Serenade

Published 16th March 2012

An article by Harold Philbin

A pleasant afternoon, the sun was shining and all was certainly very well as far as I was concerned. Perhaps all was not quite well with the fireman who had knocked sick, and I was on his job. We had left the shed in charge of engine number 199, one of our class 3P tank engines, I had already coupled our little engine onto a passenger train of about four coaches in the platform, and we were ready to leave Bacup Station en route for the big City.

Despite our being ready and in my case raring to go, Teddy O’Shea our Guard was not, he was walking up the side of our train, smart as a King’s Guardsman in his normal unruffled manner. “We have to pick up a horse at Rawtenstall and the horsebox is in the cattle dock,” said Teddy in his mild Irish accent. I hooked the engine off the train, Bill Griffiths my driver backed it into the cattle dock and I hooked it onto the most luxurious horsebox that you could imagine. It was upholstered in the finest Red velvet for the horse, and it was padded everywhere, there was no way that he could injure himself on this journey. This horsebox even had a sleeping compartment for the groom to travel with his charge. Visions of a most valuable racehorse at the very least passed through our minds, as we finally left the station with our by now, very impatient passengers.

More efficient

In those days the railways were far more efficient, they could and they did, move anything to anywhere. The size of the consignment and the distance of the journey was no problem at all. In this instance I am sorry to say the usually immaculate timing of the Fat Controller was a bit off, and we were late.

The suspense approaching Rawtenstall was unbearable, we stopped in the platform, passengers got off the train and passengers got on, but of the magnificent creature about to join us there was no sign at all. “Just a minute, hold the train,” called out Bill the station porter with his usual authority, he just loved to let everyone know that he was in charge of this station. Bill disappeared into his booking office and then he reappeared, leading a tiny donkey, what a comedown to our “Great Expectations.”

The door of the horsebox was opened, the loading ramp was lowered down onto the platform and Bill led his charge towards this most Royal compartment as we all looked on in wonder. The donkey most ungraciously refused to enter, Bill pulled and he pushed, he fumed and he fussed, with no result at all. Then Teddy the Guard joined in and they both pulled and pushed, and still the donkey would not go into the horsebox.

"I don’t know what he expects me to do!"

Time went by and the watching passengers joined in, some with abuse and some with a little advice as well. “Put a coat over his head” called out one passenger who also promptly assisted in the fiasco by taking off his jacket and joining the party to prove his point. To no avail, the stupid creature possessed a form of sixth sense that told him when he was exactly in the centre of the doorway and there he stopped. “Go and help them, or we shall be here all day,” instructed Bill my driver. He made no attempt to join in himself; he just sat on his seat sucking his pipe.

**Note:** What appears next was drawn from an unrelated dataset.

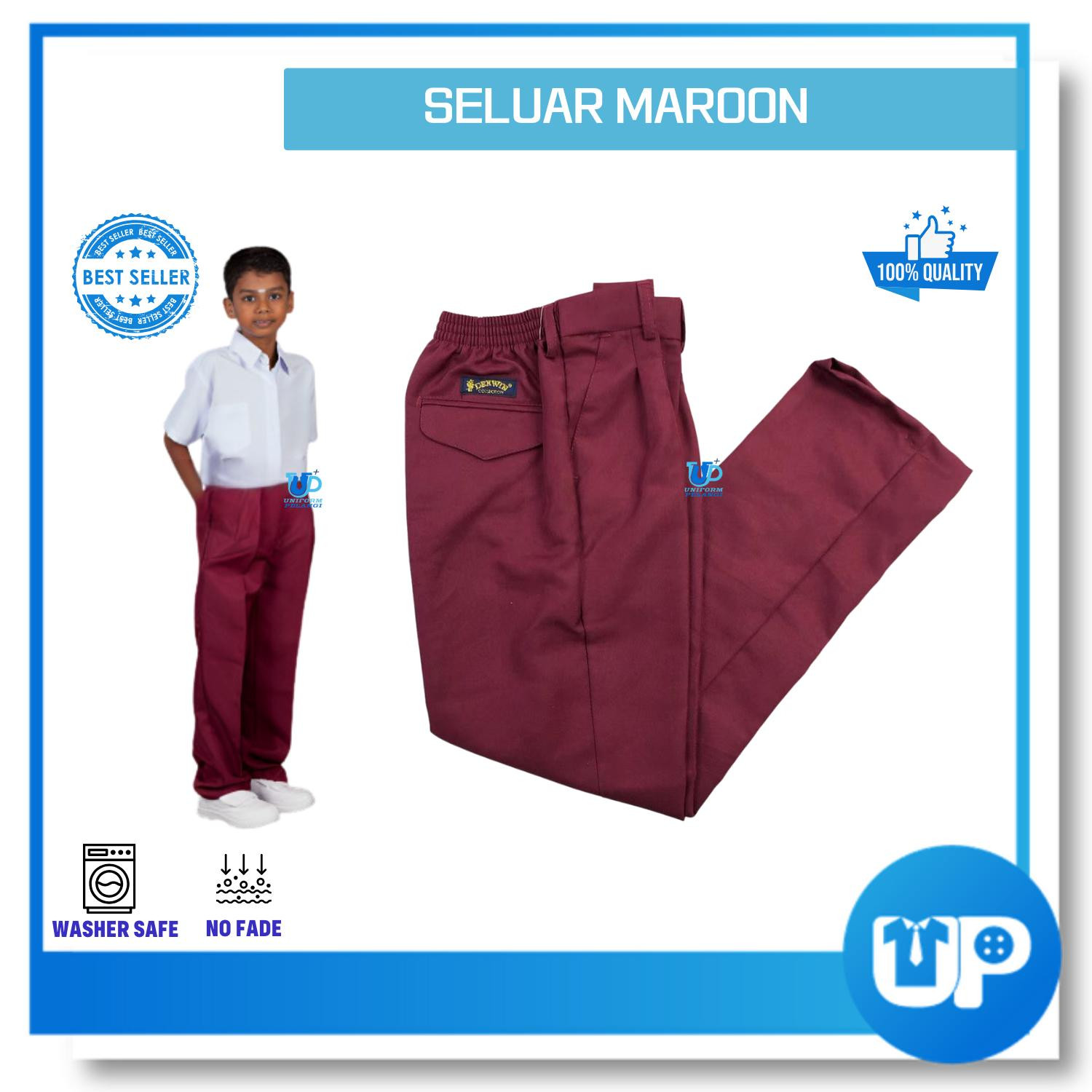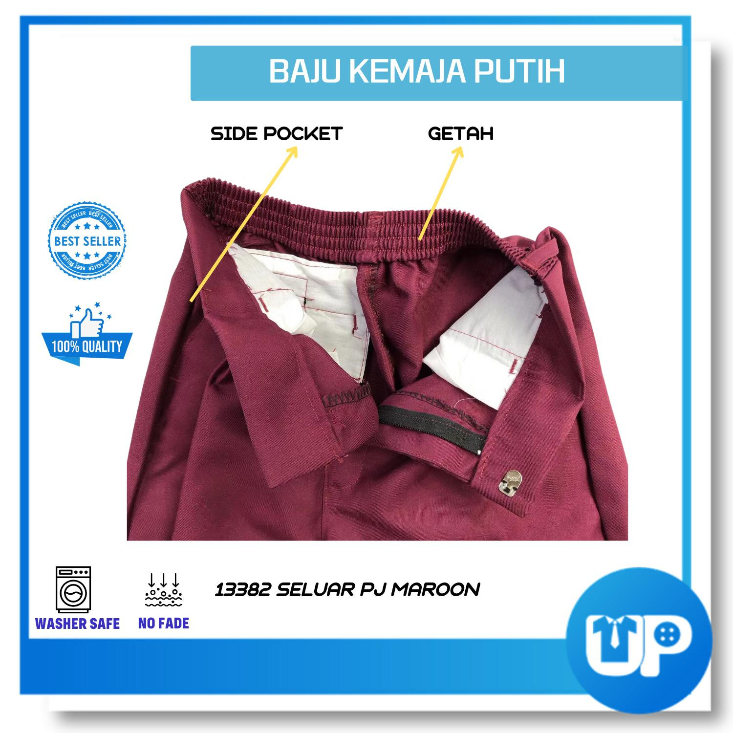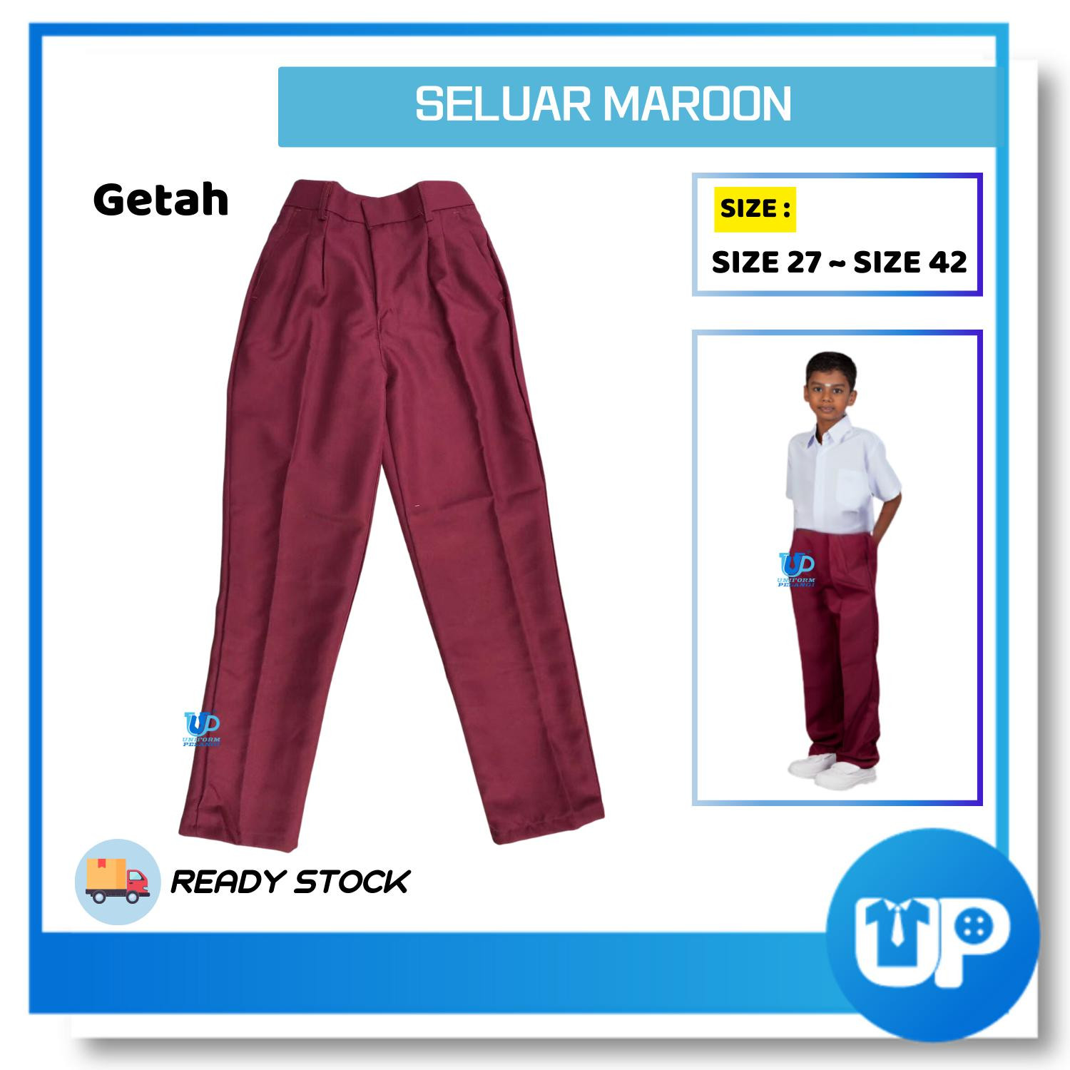 Seluar Maroon Getah Seluar Sekolah Meroon Gelap Panjang Rendah/Menengah Maroon Long Pant
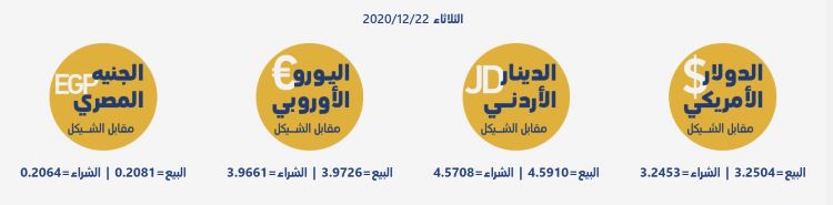 رام الله 22-12-2020 وفا- جاءت أسعار العملات مقابل الشيقل الإسرائيلي، اليوم الثلاثاء، حسب سلطة النقد، على النحو التالي:

“I don’t know what he expects me to do,” I muttered as I walked the full length of the train to arrive at the scene of a full-scale comic opera. Our coaches were sticking out over the end of the level crossing, and the main road into Rawtenstall was blocked completely. The signalman could not close his gates to the railway, and this attracted the attentions of a passing police car that was just arriving on the scene. Inspiration as I counted the number of assistants at hand, one, two, three, four with myself, the very same quick mental arithmetic also disclosed that there was exactly the same number of legs on the donkey. We grabbed one of them each, four paces forward and he was inside the box and very quickly fastened up. The ramp was put back into position, the doors were closed and I was very speedily; back on the footplate.

Teddy waved his little Green flag; I gave a little toot on the engine whistle, and amid cheers from the watching crowd we were off on our journey, leaving Bill in charge to the very last. He could explain to the policeman exactly why he had managed to hold up the traffic for almost half an hour and Teddy would have the same problem of explaining to the Fat Controller.

We would just enjoy one more experience of a declining era, not being aware of just how fast it was all going to disappear. Even so, as experience and knowledge was gleaned from the older drivers so too was more than a little of their sixth sense of direction in the darkness of the night or a thick fog. I also began to be able to know exactly where we were, by feel, smell, or sounds. We could feel an engine lurch, and the sound of the wheels would change a note or two as we took a bend, a crossing, or a tunnel, a cutting or points. Even the sense of smell, played its part in identifying a well known place, but these men could find an exact spot even in dense fog, the Black Out of the war years was no problem at all to them.